Moneybox

Mission Impossible: Marketing Buffalo, N.Y.

Coming soon, by way of spots on CNN and CNBC and via ads in the Wall Street Journal and sponsorships on NPR, is perhaps the ultimate tough-sell campaign: the promotion of Buffalo, N.Y.

The goal is not to boost tourism but to attract businesses and investment to the area. Members of a nonprofit consortium called Buffalo Niagara Enterprise have apparently committed $27 million to market the region. According to an economic-development consultant quoted in today’s New York Times, the size of the campaign is unusually large and perhaps unprecedented.

Can this sort of thing actually work? The campaign doesn’t begin in earnest until later this year, but there is a fancy little demo (requiring Flash software) at the organization’s Web site. I have nothing against Buffalo, but as the backers of this campaign seem to concede, the area has a pretty bad image problem, and even one of the ad guys involved in the campaign says the region’s residents have “incredibly low self-esteem.”

I don’t think many of them will be bucked up by the Web presentation, which is basically several minutes of obvious euphemism and faint praise. It begins with what I guess is meant to be a forceful bit of text animation, in which the words “Buffalo” and “Niagara” slam together like something from the credit sequence of a Jean Claude Van Damme movie. This quickly segues to a “slide show” backed by inoffensive synthesizer music. “Within 500 miles of ½ the population of North America!” brags one early slide.

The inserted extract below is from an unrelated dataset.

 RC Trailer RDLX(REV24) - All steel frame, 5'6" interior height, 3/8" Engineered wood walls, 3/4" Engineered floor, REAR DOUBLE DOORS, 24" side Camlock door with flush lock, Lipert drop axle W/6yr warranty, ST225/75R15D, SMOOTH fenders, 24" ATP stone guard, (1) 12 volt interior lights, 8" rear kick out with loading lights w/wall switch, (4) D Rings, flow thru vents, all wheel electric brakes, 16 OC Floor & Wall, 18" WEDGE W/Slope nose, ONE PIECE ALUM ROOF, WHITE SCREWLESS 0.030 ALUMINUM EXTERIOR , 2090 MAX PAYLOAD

The exclamation points taper off quickly after that. A slide about Buffalo Niagara International Airport includes the mysterious declaration, “70 Million Pounds of Cargo.” Another promises, “Only 25 days per year of measurable snowfall.” The arena football team is touted, as is the “incredible architecture.” And in a bit of gloss likely to be particularly painful to the football fans among Buffalo-area residents, there is mention of the “four-time AFC champion Buffalo Bills.” Running throughout is the tame and grammatically suspect catch phrase, “A Climate Where Business Works.”

In fairness future print ads will apparently focus on more bottom-line issues such as higher productivity among Buffalo workers, with a direct slogan: “available. productive. people.”

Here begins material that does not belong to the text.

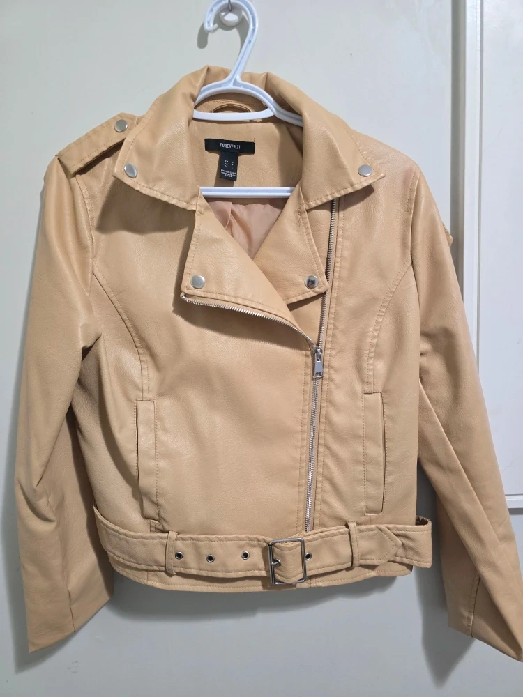 Selling a Forever 21 faux leather biker jacket in a lovely cream colour! It's a size small and features a classic biker design with an asymmetrical zip closure and belted waist. Perfect for adding a bit of edge to any outfit!

It seems reasonable for Buffalo–or any locality–to try and “reposition” itself as a product would. What’s less clear is whether flat-out marketing is a better way to go at it than the quiet recruitment of businesses and capital via networking and tax-related incentives. There is a risk in a multimillion-dollar campaign of seeming to be simply desperate, and that is not an effect that either potential newcomers or longtime residents are likely to appreciate.